Restrictions in dialogue between U.S. commercial mortgage-backed securities (CMBS) special servicers and credit rating agencies (CRAs) brought on by Securities and Exchange Commission (SEC) Rule 17 g-5 may have the unintended consequence of producing unnecessary rating volatility, according to Fitch Ratings.
SEC Rule 17 g-5, put into effect in June, requires transaction issuers to post information that is shared with a hired CRA in the issuance or maintenance of a rating to a 17 g-5 website that is available for review by both hired and non-hired CRAs. According to Fitch, some issuers have interpreted 17 g-5 to extend to the interaction that the servicer may have on an ongoing basis with the hired rating agencies in their efforts to monitor the performance of the transaction and maintain its ratings.

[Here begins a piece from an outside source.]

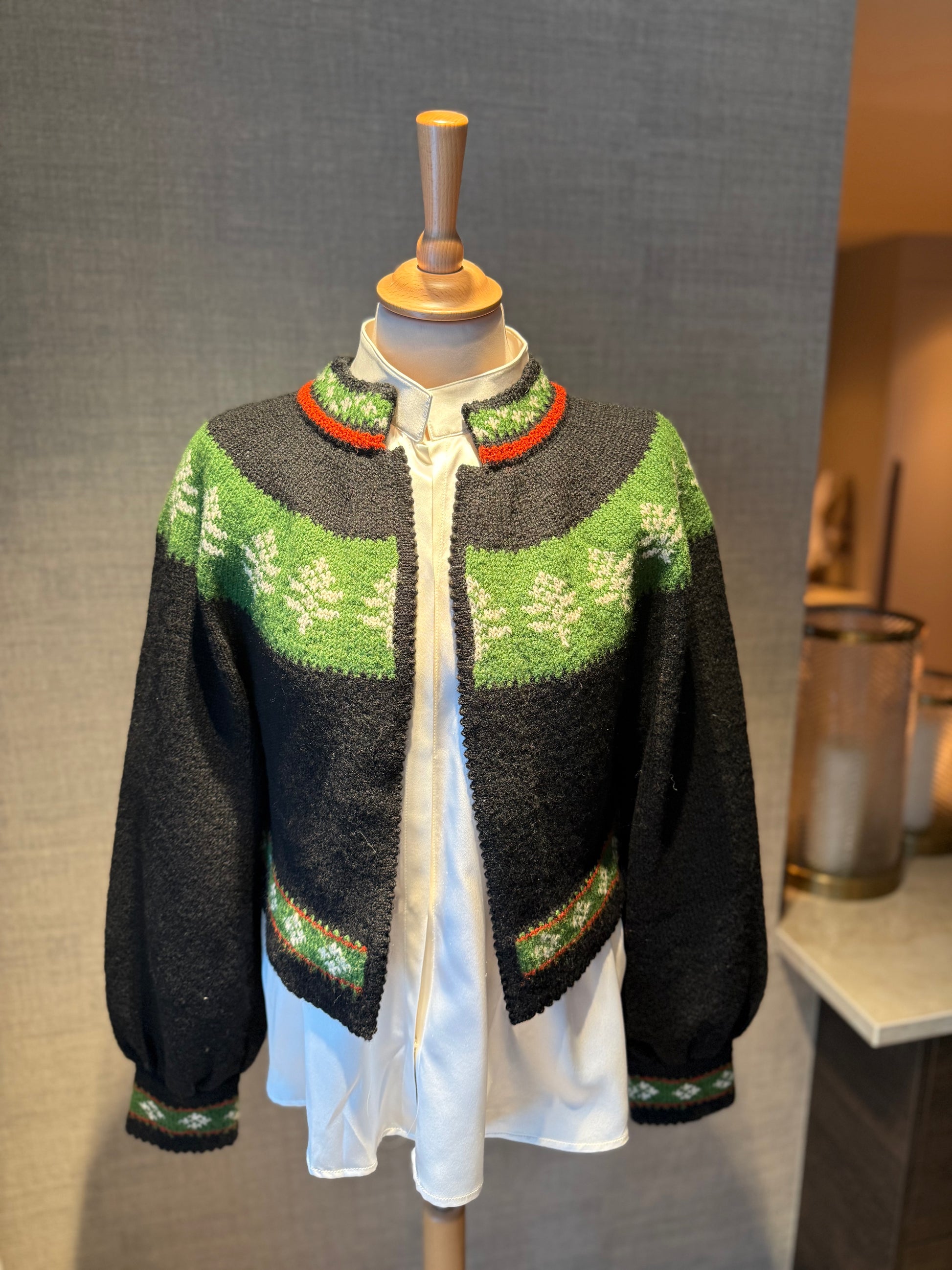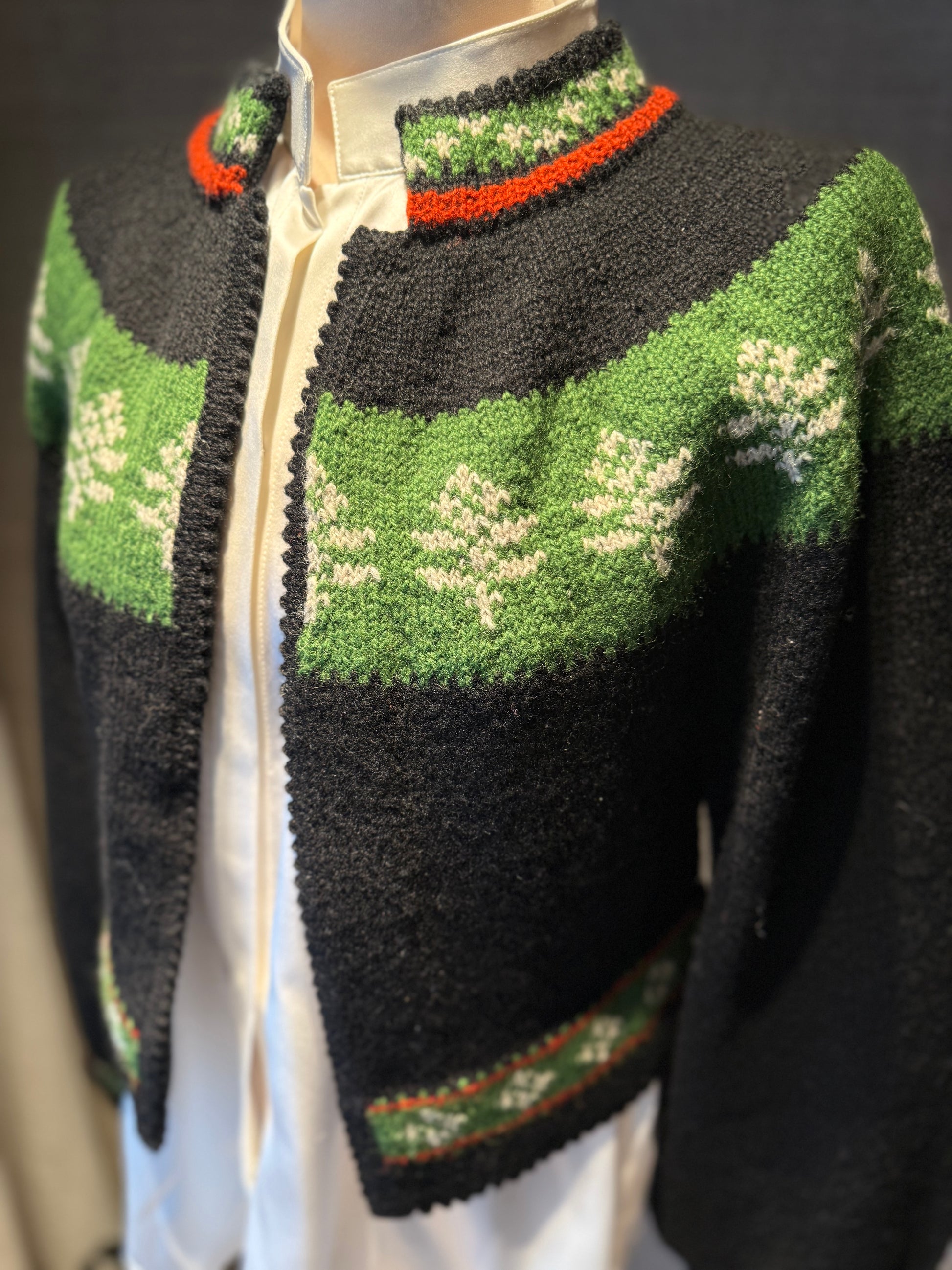Denne flotte jakken tilpasset grønn Østfoldbunad, selges nå til 3500,- + frakt ved forsendelse.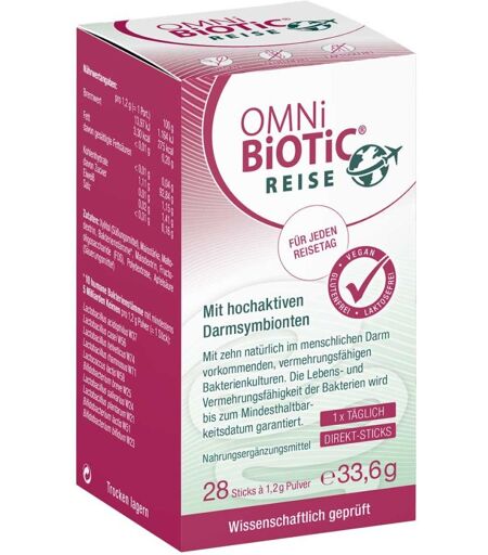 Anwendungsgebiet von Omni Biotic Reise Pulver StickBei Auslandsaufenthalten kann das Verdauungssystem durch äußere Einwirkungen unterschiedlichster Art (ungewohntes Essen, veränderter Tagesrhythmus) aus dem Gleichgewicht geraten. Unangenehmer wird es, wenn durch den Genuss von Wasser, Eiswürfeln oder auch nur Salaten und ungeschältem Obst fremde Keime in unser Verdauungssystem gelangen – und der Darm versucht, diese Eindringlinge wieder loszuwerden.Während die häufigsten Durchfallerreger, nämlich alle ETEC-Stämme, nur unangenehm sind, aber selbstlimitierend (d.h. dass die Keime sich selbst mit dem Durchfall ausscheiden), ist das Eindringen unerwünschter Erreger wie zum Beispiel Salmonellen, Shigellen und Campylobacter sehr viel problematischer.Daher sollte man neben allen anderen Urlaubsvorkehrungen nicht vergessen, auch den Darm auf die Reise vorzubereiten – Experten empfehlen dafür spezielle Multispezies-Synbiotika.Wie funktionieren Omni Biotic Reise Pulver Stick?In OMNi-BiOTiC® REISE sorgen zehn speziell ausgewählte Bakterienstämme und die hohe Anzahl von 5 Milliarden hochaktiven „Helfern“ (Darmbakterien) pro Portion dafür, dass Sie jeden Tag Ihrer Reise genießen können.OMNi-BiOTiC® REISE Direkt-Sticks enthalten dieselben wissenschaftlich geprüften Bakterienstämme wie das bewährte OMNi-BiOTiC® REISE in Pulverform:• 5 Milliarden hochaktive „Helfer“ (Darmbakterien) sorgen dafür, dass Sie jeden Tag Ihrer Reise genießen können.• In praktische Direkt-Sticks verpackt, wurden OMNi-BiOTiC® REISE Direkt-Sticks speziell zur Einnahme ohne Wasser entwickelt.• OMNi-BiOTiC® REISE Direkt-Sticks zergehen direkt auf der Zunge und sind neutral im Geschmack.Wirkstoffe / Inhaltsstoffe / ZutatenZutaten von Omni Biotic Reise Pulver Stick:Xylitol (Süßungsmittel), Maisstärke, Maltodextrin, Bakterienstämme, Maisdextrin, Fructooligosaccharide (FOS), Polydextrose, Apfelsäure (Säuerungsmittel)Ein Stick (= 1,2 g) ...

Recently, certain CMBS have begun to include language into newly issued pooling and servicing agreements (PSAs) that attempt to dictate how special servicers communicate with the CRAs.

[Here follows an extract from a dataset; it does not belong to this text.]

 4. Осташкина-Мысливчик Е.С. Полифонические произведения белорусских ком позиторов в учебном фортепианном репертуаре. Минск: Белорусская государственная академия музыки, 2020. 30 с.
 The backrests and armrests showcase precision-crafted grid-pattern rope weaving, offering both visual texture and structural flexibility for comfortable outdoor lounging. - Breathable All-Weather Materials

‘A special servicer's compliance with the provisions of 17 g-5 should not be interpreted in a way that impacts the quantity, quality or timeliness of the information that a servicer shares with Fitch in the course of Fitch's transaction surveillance process,’ says Huxley Somerville, group managing director and head of U.S. CMBS for Fitch.

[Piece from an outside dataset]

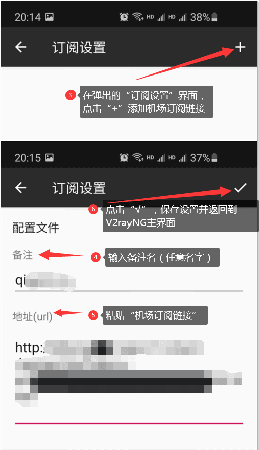 3、接下来单击”+“号,把机场链接添加到订阅,详细操作图如下: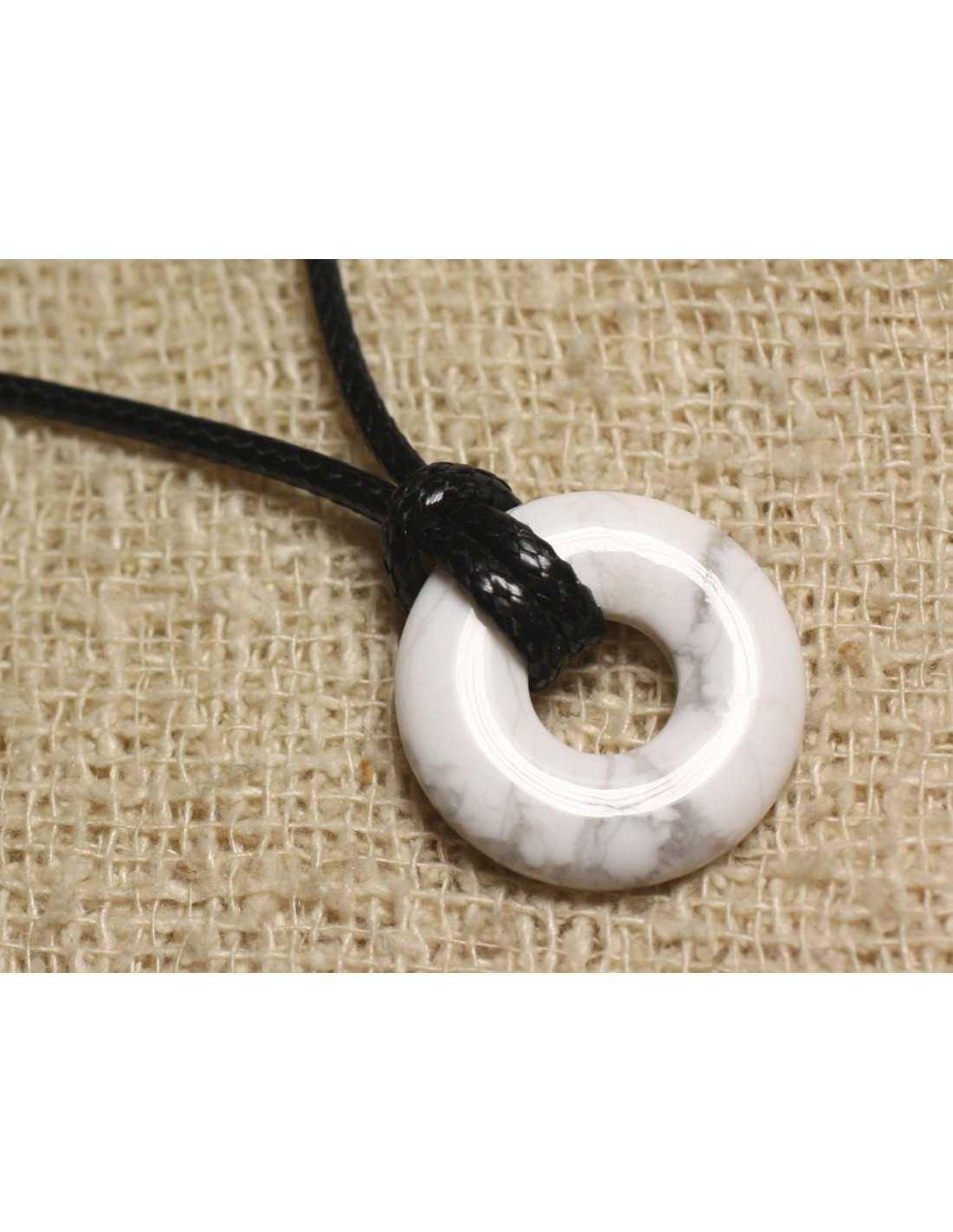 Howlite Stone Anhänger Halskette Natürlicher Halbedelstein Farbe weiß, grau Donutform Abmessungen Durchmesser 20 mm x Breite 6 mm x Dicke 5 mm ungefähr Mittellochgröße 5 mm Gewachste Baumwollschnur Farbe Ihrer Wahl Einstellbare Größe dank eines praktischen und soliden Schiebeverschlusses

Fitch says it frequently contacts servicers to seek clarifications, resolve discrepancies, better understand the specifics of an asset and discuss the servicer's workout strategy.
‘Language that restricts the servicer's ability to directly communicate with a hired rating agency is problematic and has the potential to not only add extensive delays to response time, but likely limit the quality and completeness of the servicer's responses,’ adds Managing Director Stephanie Petosa.